BANGKOK (NNT) – Following recent cases of cyberattacks at hospitals, the Ministry of s Digital Economy and Society today encouraged government agencies and private firms holding personal information of customers and patients, to ensure their databases are adequately protected, saying these recent cases were not the first.
The Ministry of a Digital Economy and Society (MDES) today held a press conference regarding a recent breech of patient data at Phetchabun Hospital, outlining the types of data leaked and how the incident took place.
The Minister of a Digital Economy and Society, Chaiwut Thanakamanusorn said today the MDES and National Cyber Security Agency (NCSA) has visited the affected hospital and talked to the IT staff to investigate the attack.
Initial investigation shows the breech took place within a web portal and application utilized internally by the hospital, while the lack of updates to the hospital’s IT system posed a vulnerability to cyber attacks.
The authorities have identified data breeched in this incident including patient names, information from the outpatients’ department, doctors schedule, and patient details from a COVID-19 field hospital. Sensitive data related to patients’ health and treatment are reportedly safe.

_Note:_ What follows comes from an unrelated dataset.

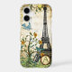 Trendy Elegant Eiffel Tower Ephemera Folksy Fairycore Cottagcore Love Birds Vines Flowers and Whimsical Musical Notes Sheet Music Overlay Tree Earth Tones and Yellow Coral Teal iPhone Cases
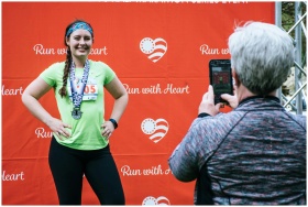 Woman posing with her medal after completing a 'Run with Heart' marathon event.

The hospital has already taken action by removing the software in question from the system, and disabling the system’s connectivity to external networks.
The Minister of a Digital Economy and Society says officials from related agencies are now working to arrest and prosecute those involved, while urging government agencies and organizations that maintain a large database of personal information in their systems, to store the information very carefully, with an adequate level of cybersecurity protection.
For government agencies, the MDES has ThaiCERT and GovernmentCERT teams to provide cybersecurity protection.
Hacking, or any unauthorized access to a system or database, is considered a violation to the Cybersecurity Act and the Personal Data Protection Act, with punishment of up to 1 year’s imprisonment; up to 1 million baht fine, or a combined penalty.
Gp Capt Amorn Chomchoey, Director of Thailand Computer Emergency Response Team (ThaiCERT), said the data breech at Phetchabun Hospital is not the first case to have happened, as previous incidents that may not have been of the same magnitude, were not reported in the news.
He stressed the importance of protective measures in data safety, citing the World Economic Forum’s 0.5% success rate arresting hackers responsible in these breeches.
Other incidents of cyberattacks reported in recent days include a breech of customer data at CP Freshmart. The company today acknowledged that the personal data of its customers, including names, phone numbers, and email addresses had been breeched. They company says however, that no credit card information was leaked.
A ransomware attack also took place at Bhumirajanagarindra Kidney Institute Hospital, where digital files of some 40,000 patients have been encrypted and made inaccessible since Monday morning. The hospital has already filed a case with the police, while attempting to decrypt the affected files instead of paying the ransom demanded.